Channel catfish and large carp are also present in some of these same areas in the river, and fishing for them can be a laid back and relaxing way to enjoy some time on the water. Good numbers of channel catfish stocked in May also remain to be caught at Wallace Lake and the Ohio and Erie Canal fishing area, as well as several smaller Metroparks waters. More catfish will be stocked at various locations in June, as well.  Catfishing is usually best during lower light conditions using baits such as nightcrawlers, minnows, chicken liver, and processed dough baits. A good number of larger catfish are moving into the river from Lake Erie on their spawning run.   Resident channel catfish are available in the river all summer.
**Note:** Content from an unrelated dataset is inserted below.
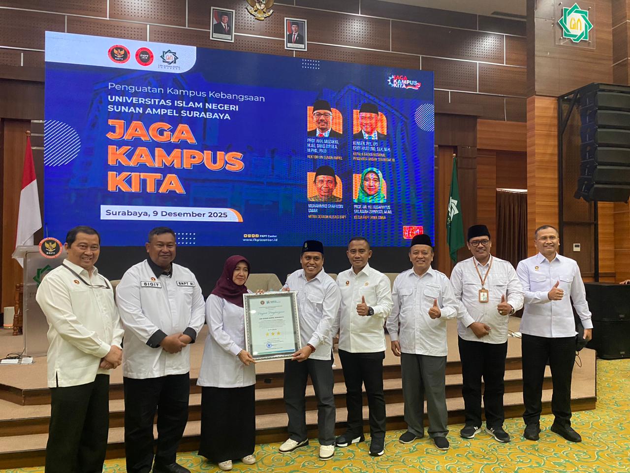 Magister Pendidikan Agama Islam-Badan Nasional Penanggulangan Terorisme (BNPT) RI bekerja sama dengan Forum Koordinasi Pencegahan Terorisme (FKPT) Jawa Timur memberikan anugerah Kampus Kebangsaan kepasa Universitas Islam Negeri Sunan Ampel (UINSA) Surabaya, (9/12/2025). Agenda bertajuk “Jaga Kampus Kita” ini diikuti 220 peserta dari unsur mahasiswa, dosen, mitra deradikalisasi, organisasi kepemudaan, dan tokoh lintas agama.

Some large carp (some exceeding 15 pounds) will be found in the northern river reaches throughout the month, as well. Carp can often be caught throughout the day on such bait as canned corn, carp dough baits, worms, or crayfish tails. A growing contingent of fly anglers looking for a challenge are targeting carp with nymphs and crayfish imitations, as well. The key to fishing for either carp or catfish is fishing on (or very near) the river/lake bottom. In addition, freshwater drum (sheepshead), white perch, and bullhead catfish are also abundant in the northern river reaches (north of Morley Ford) in early summer. For the angling generalist, any of the species mentioned thus far can be effectively targeted by fishing a nightcrawler right on the river bottom with a sinker.
Summer means family fishing time for many folks, and panfish fit the bill perfectly for a leisurely picnic and fishing outing. Anglers seeking panfish have experienced decent fishing at most of the ponds and lakes in the Park District. Crappies, bluegills, and other sunfish species can be taken with a number of offerings, but a waxworm or red worm on a small hook (or tiny jig) suspended under a stick float and fished around a weedbed or shoreline brush is always a good choice. Wallace Lake, Shadow Lake, and Lakefront Reservation are just a few of many places in the park to wet a line for various panfish species. Largemouth bass fishing is often best in Wallace and Hinckley lakes, although bass can be found in most park waters.